By converting them, we no longer need to worry about forgetting to
synchronize top level page tables.
With all {pgd,p4d}_populate{,_init}() converted to
{pgd,p4d}_populate_kernel{,_init}(), it is now safe to drop
sync_global_pgds().

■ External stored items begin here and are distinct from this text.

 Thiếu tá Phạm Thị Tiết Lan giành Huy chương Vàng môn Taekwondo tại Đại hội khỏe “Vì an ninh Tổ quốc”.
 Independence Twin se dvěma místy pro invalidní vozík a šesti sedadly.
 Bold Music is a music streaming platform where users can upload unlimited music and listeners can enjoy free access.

Let's remove it.
Cc: <stable@vger.kernel.org>
Suggested-by: Dave Hansen <dave.hansen@linux.intel.com>
Signed-off-by: Harry Yoo <harry.yoo@oracle.com>
---
arch/x86/include/asm/pgalloc.h | 19 +++++
arch/x86/mm/init_64.c | 129 ++++++---------------------------
arch/x86/mm/kasan_init_64.c | 8 +-
3 files changed, 46 insertions(+), 110 deletions(-)

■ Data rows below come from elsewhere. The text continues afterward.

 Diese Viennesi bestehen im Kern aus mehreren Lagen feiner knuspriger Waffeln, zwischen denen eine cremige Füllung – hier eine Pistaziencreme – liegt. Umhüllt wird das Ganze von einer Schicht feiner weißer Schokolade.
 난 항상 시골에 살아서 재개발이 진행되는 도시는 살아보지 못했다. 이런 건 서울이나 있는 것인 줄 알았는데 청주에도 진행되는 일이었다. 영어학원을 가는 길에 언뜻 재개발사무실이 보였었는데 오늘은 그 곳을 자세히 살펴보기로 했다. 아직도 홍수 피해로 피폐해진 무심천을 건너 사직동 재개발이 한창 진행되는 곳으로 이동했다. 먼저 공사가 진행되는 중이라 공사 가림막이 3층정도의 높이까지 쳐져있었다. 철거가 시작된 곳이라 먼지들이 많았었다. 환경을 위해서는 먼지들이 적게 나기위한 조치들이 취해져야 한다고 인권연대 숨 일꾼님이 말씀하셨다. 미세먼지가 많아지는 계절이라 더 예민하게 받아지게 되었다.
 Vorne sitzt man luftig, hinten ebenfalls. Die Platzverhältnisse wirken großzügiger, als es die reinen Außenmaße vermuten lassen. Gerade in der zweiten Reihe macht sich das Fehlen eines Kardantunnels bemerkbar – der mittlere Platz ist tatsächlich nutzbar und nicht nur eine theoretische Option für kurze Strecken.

diff --git a/arch/x86/include/asm/pgalloc.h b/arch/x86/include/asm/pgalloc.h
index d66f2db54b16..98439b9ca293 100644
--- a/arch/x86/include/asm/pgalloc.h
+++ b/arch/x86/include/asm/pgalloc.h
@@ -132,6 +132,15 @@ static inline void p4d_populate_safe(struct mm_struct *mm, p4d_t *p4d, pud_t *pu
set_p4d_safe(p4d, __p4d(_PAGE_TABLE | __pa(pud)));
}
+static inline void p4d_populate_kernel_safe(unsigned long addr,
+ p4d_t *p4d, pud_t *pud)
+{
+ paravirt_alloc_pud(&init_mm, __pa(pud) >> PAGE_SHIFT);
+ set_p4d_safe(p4d, __p4d(_PAGE_TABLE | __pa(pud)));
+ if (!pgtable_l5_enabled())
+ arch_sync_kernel_pagetables(addr);
+}
+
extern void ___pud_free_tlb(struct mmu_gather *tlb, pud_t *pud);
static inline void __pud_free_tlb(struct mmu_gather *tlb, pud_t *pud,
@@ -167,6 +176,16 @@ static inline void pgd_populate_safe(struct mm_struct *mm, pgd_t *pgd, p4d_t *p4
set_pgd_safe(pgd, __pgd(_PAGE_TABLE | __pa(p4d)));
}
+static inline void pgd_populate_kernel_safe(unsigned long addr,
+ pgd_t *pgd, p4d_t *p4d)
+{
+ if (!pgtable_l5_enabled())
+ return;
+ paravirt_alloc_p4d(&init_mm, __pa(p4d) >> PAGE_SHIFT);
+ set_pgd_safe(pgd, __pgd(_PAGE_TABLE | __pa(p4d)));
+ arch_sync_kernel_pagetables(addr);
+}
+
extern void ___p4d_free_tlb(struct mmu_gather *tlb, p4d_t *p4d);
static inline void __p4d_free_tlb(struct mmu_gather *tlb, p4d_t *p4d,
diff --git a/arch/x86/mm/init_64.c b/arch/x86/mm/init_64.c
index cbddbef434d5..00608ab36936 100644
--- a/arch/x86/mm/init_64.c
+++ b/arch/x86/mm/init_64.c
@@ -75,6 +75,19 @@ DEFINE_POPULATE(pgd_populate, pgd, p4d, init)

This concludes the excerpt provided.